Officially launched on Sept. 26, 2017, the Diverse BookFinder has made big strides toward fulfilling its mission statement: “to be a go-to resource for librarians, educators, parents, book creators, and publishers who seek to create collections in which all children can see themselves — and each other — reflected in the picture books they read.”

The BookFinder was recognized in June 2021 as one of the year’s “Best Digital Tools for Teaching and Learning” by the American Association of School Librarians, the preeminent professional organization for the school library community. In the past year, the BookFinder website has averaged 46,000 page views per month and gotten 1.25 million page views overall. 

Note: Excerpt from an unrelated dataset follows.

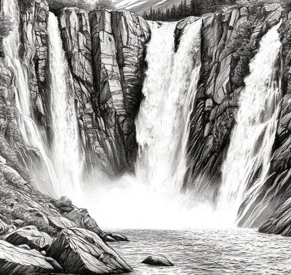 Когда она вышла на открытую площадку у подножия, дыхание перехватило. Шум водопада оказывал почти физическое давление на нее. Воздух вибрировал, мелкая дрожь шла по земле и входила в её тело через подошвы. Водопад жил пульсирующей, дышащей сущностью. Белая пена у основания клокотала, как гигантский котёл, а середина струи была прозрачно-зелёной, твердой, как ледяной клинок.

The BookFinder offers a few different resources. Its search tool allows anyone, from educators to parents, to easily locate and explore children’s picture books.

In addition, the platform also offers a free, online collection-analysis tool that helps libraries diversify their picture-book holdings by identifying who is represented — among Black and Indigenous People and People of Color — in their collections and what themes and messages are presented.

Plus, the BookFinder also offers a circulating collection in Ladd Library, available through interlibrary loan.

Aronson and her team offer consulting services to libraries in all 50 states, “including hundreds of libraries in Maine and Massachusetts, just to give a sense of the scale,” she says. The NEH grant and the summer 2022 institute “will allow us to expand our engagement to include educators more directly.” 

As co-director of the institute with Boyle, Aronson will guide educators through the ins and outs of the BookFinder and how picture books serve as bridges to important ideas. She’ll also explain how children understand the concept of race and describe the current landscape of multicultural children’s literature in the U.S. 

The two co-directors will be joined by a supporting team of educators, experts, scholars, and author-artists.

Sessions over the 10 working days of the institute will be both virtual and in-person. Topics will  include “Picture Books and Performance,” which provides guidance on classroom read-alouds and storytime theater; “Addressing Equity in Social-Emotional Learning”; “Curating Your Classroom Library”; “Multilingualism and ‘Language Stories’”; and “How Do Children See Race?”

Using the collections of the Bates Museum of Art, Boyle will lead an “Ashley Bryan Intensive,” featuring close inspections of art objects, including paintings, puppets, oral histories and personal correspondence of the Black artist who was the subject of a major exhibition at Bates in fall 2020. Institute participants will also travel to the Bowdoin campus to explore the Barbara Cooney collection at the Bowdoin College Museum of Art.


Any views, findings, conclusions, or recommendations expressed in this article do not necessarily represent those of the National Endowment for the Humanities. The Diverse BookFinder is also made possible through support from the Institute for Museum and Library Services.